Hoje Kuster promove a ideia
de que a Inquisição foi um tribunal de misericórdia — uma postura
fortemente contestada pelo governo de Israel e pelos judeus. Aliás, em 2013, em
visita ao Vaticano, Netanyahu deu ao Papa Francisco um exemplar de um volumoso
livro contra a Inquisição escrito por seu pai.
Na próxima
visita de Netanyahu ao Brasil, ele deveria dar um exemplar desse livro a cada
membro do governo Bolsonaro. Alguns deles, que seguem Carvalho, acreditam que a
Inquisição foi mentira, embora ela tenha também torturado e matado judeus no
Brasil.
O que impede
Olavo e seus adeptos, que fazem revisionismo
descarado da Inquisição, de um dia também fazerem revisionismo do
Holocausto? Afinal, as principais vítimas de ambos eram justamente os judeus.
É impossível
entender esse quadro caótico sem compreender que Olavo
de Carvalho, que tem um histórico ocultista, é membro da Escola Tradicionalista.

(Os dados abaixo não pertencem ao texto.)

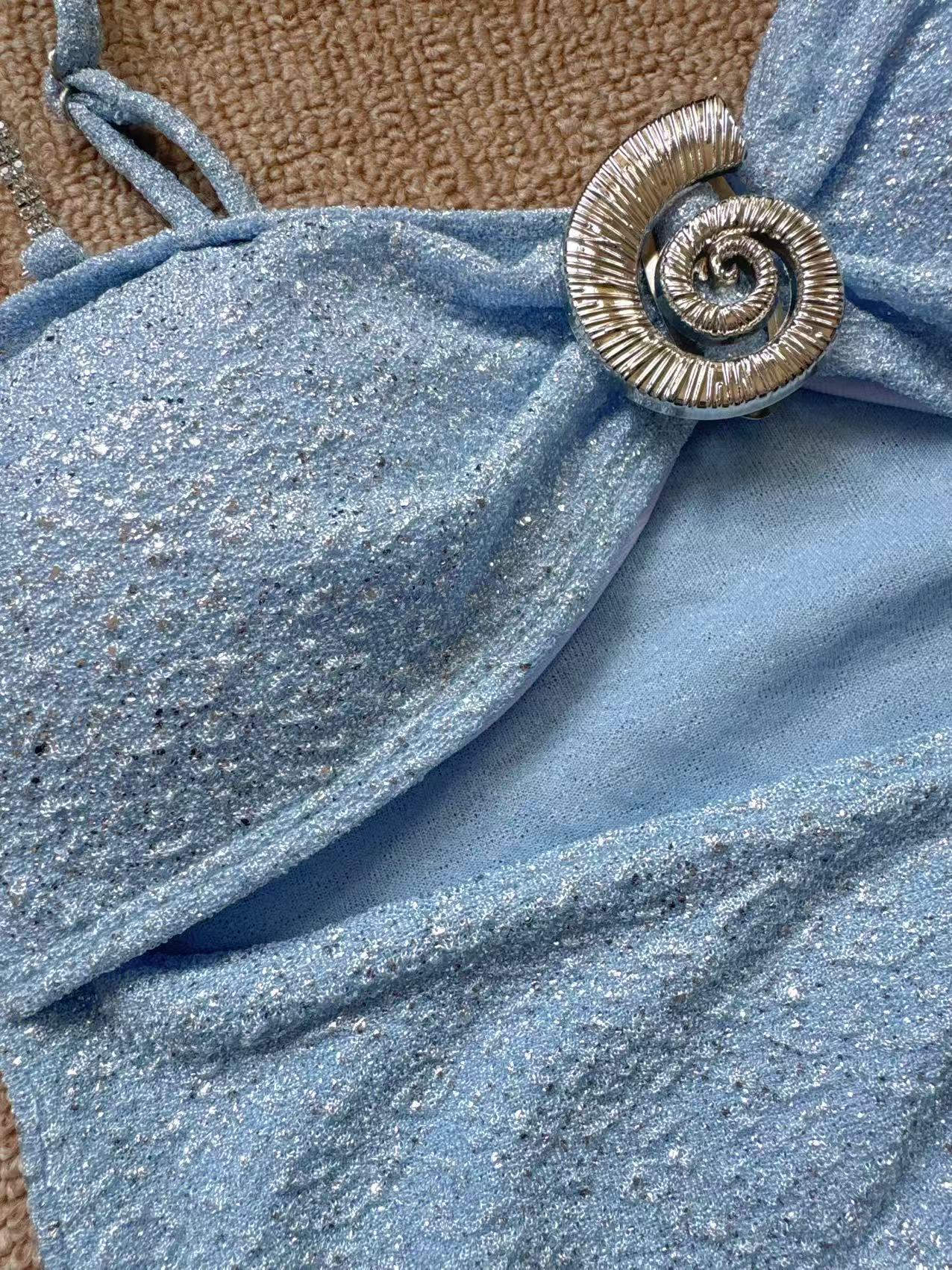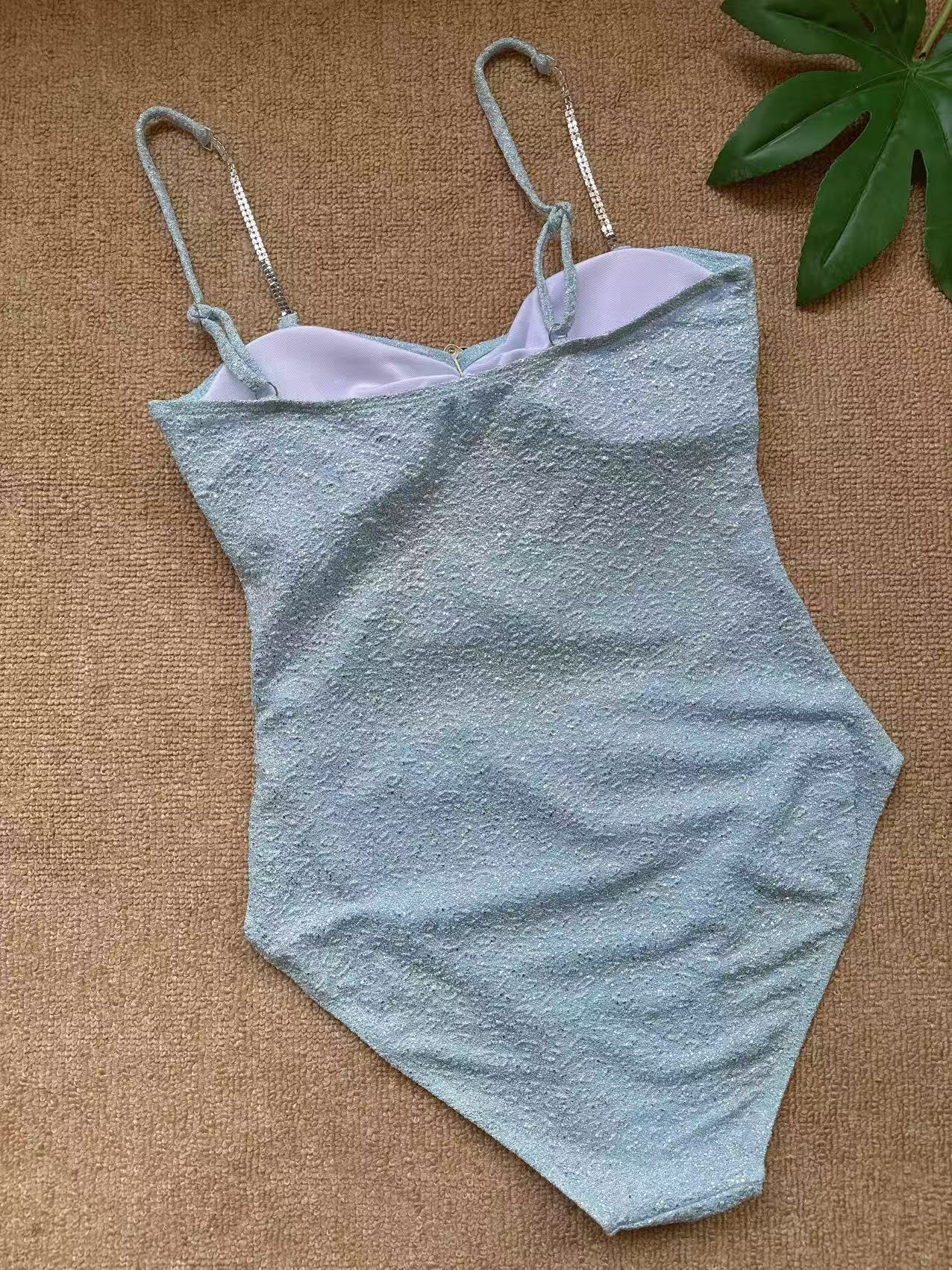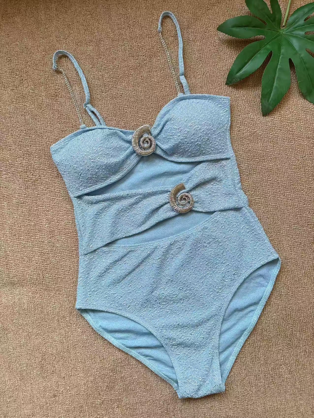 2025 유럽과 미국의 새로운 수영복 금도금 라운드 버클 장식 광택 중공 원피스 수영복 정장 여성용 국경 간 인기 판매

Recentemente, o escritor judeu americano Benjamin R. Teitelbaum lançou o livro
“War for Eternity” (Guerra pela Eternidade), publicado por HarperCollins, a maior
editora dos EUA. O livro faz um mapa da Escola Tradicionalista e seus
principais representantes em vários países. O
representante para o Brasil é Olavo. Teitelbaum apresenta a Escola Tradicionista
como uma seita ocultista.
Por sua
própria natureza, o ocultismo traz caos.
Apesar das
repreensões do governo de Israel e de organizações judaicas nos EUA e Brasil, o
ministro da Educação Abraham Weintraub não voltou atrás em sua comparação.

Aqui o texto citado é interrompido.